**What you need to do**
The full listing is to be transcribed exactly, with each picture left out.

*** Opening of Collected data ***

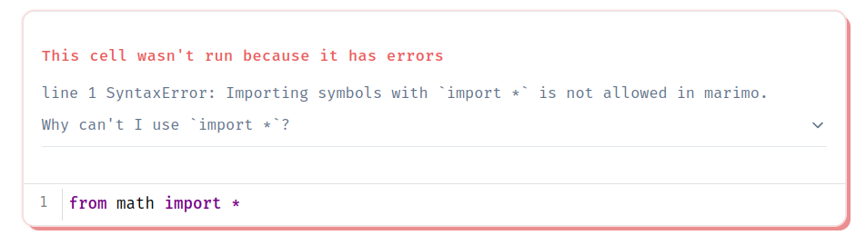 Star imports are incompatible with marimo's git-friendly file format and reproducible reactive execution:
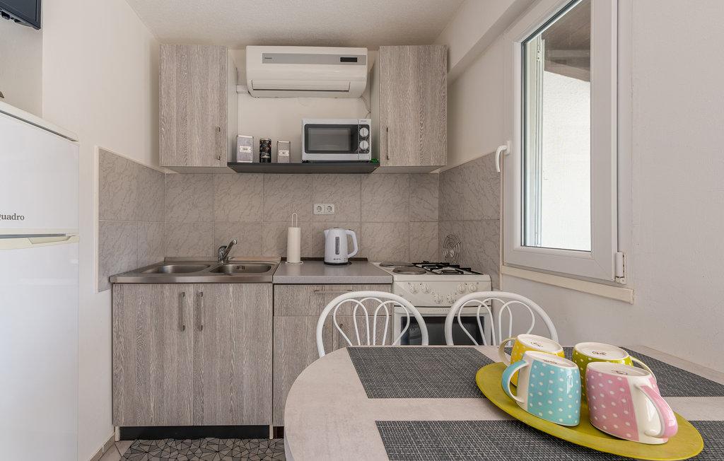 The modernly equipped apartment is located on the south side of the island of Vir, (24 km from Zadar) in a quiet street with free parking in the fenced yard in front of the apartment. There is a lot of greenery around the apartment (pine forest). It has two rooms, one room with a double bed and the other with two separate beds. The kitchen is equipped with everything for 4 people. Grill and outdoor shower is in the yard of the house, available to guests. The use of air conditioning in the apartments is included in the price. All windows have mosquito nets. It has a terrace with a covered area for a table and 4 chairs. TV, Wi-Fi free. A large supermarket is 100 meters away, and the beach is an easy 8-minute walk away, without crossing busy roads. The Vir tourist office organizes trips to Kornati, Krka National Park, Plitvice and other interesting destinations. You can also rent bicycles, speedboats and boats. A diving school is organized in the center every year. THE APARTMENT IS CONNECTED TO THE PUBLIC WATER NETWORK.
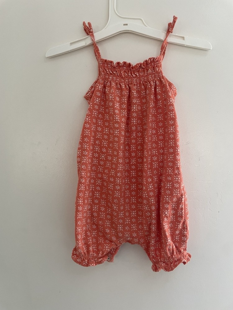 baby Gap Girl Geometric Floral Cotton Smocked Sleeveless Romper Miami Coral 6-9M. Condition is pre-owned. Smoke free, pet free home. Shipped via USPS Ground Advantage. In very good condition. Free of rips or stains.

*** Close of Collected data ***

**Solution to the exercise**
 Star imports are incompatible with marimo's git-friendly file format and reproducible reactive execution:
 The modernly equipped apartment is located on the south side of the island of Vir, (24 km from Zadar) in a quiet street with free parking in the fenced yard in front of the apartment. There is a lot of greenery around the apartment (pine forest). It has two rooms, one room with a double bed and the other with two separate beds. The kitchen is equipped with everything for 4 people. Grill and outdoor shower is in the yard of the house, available to guests. The use of air conditioning in the apartments is included in the price. All windows have mosquito nets. It has a terrace with a covered area for a table and 4 chairs. TV, Wi-Fi free. A large supermarket is 100 meters away, and the beach is an easy 8-minute walk away, without crossing busy roads. The Vir tourist office organizes trips to Kornati, Krka National Park, Plitvice and other interesting destinations. You can also rent bicycles, speedboats and boats. A diving school is organized in the center every year. THE APARTMENT IS CONNECTED TO THE PUBLIC WATER NETWORK.
 baby Gap Girl Geometric Floral Cotton Smocked Sleeveless Romper Miami Coral 6-9M. Condition is pre-owned. Smoke free, pet free home. Shipped via USPS Ground Advantage. In very good condition. Free of rips or stains.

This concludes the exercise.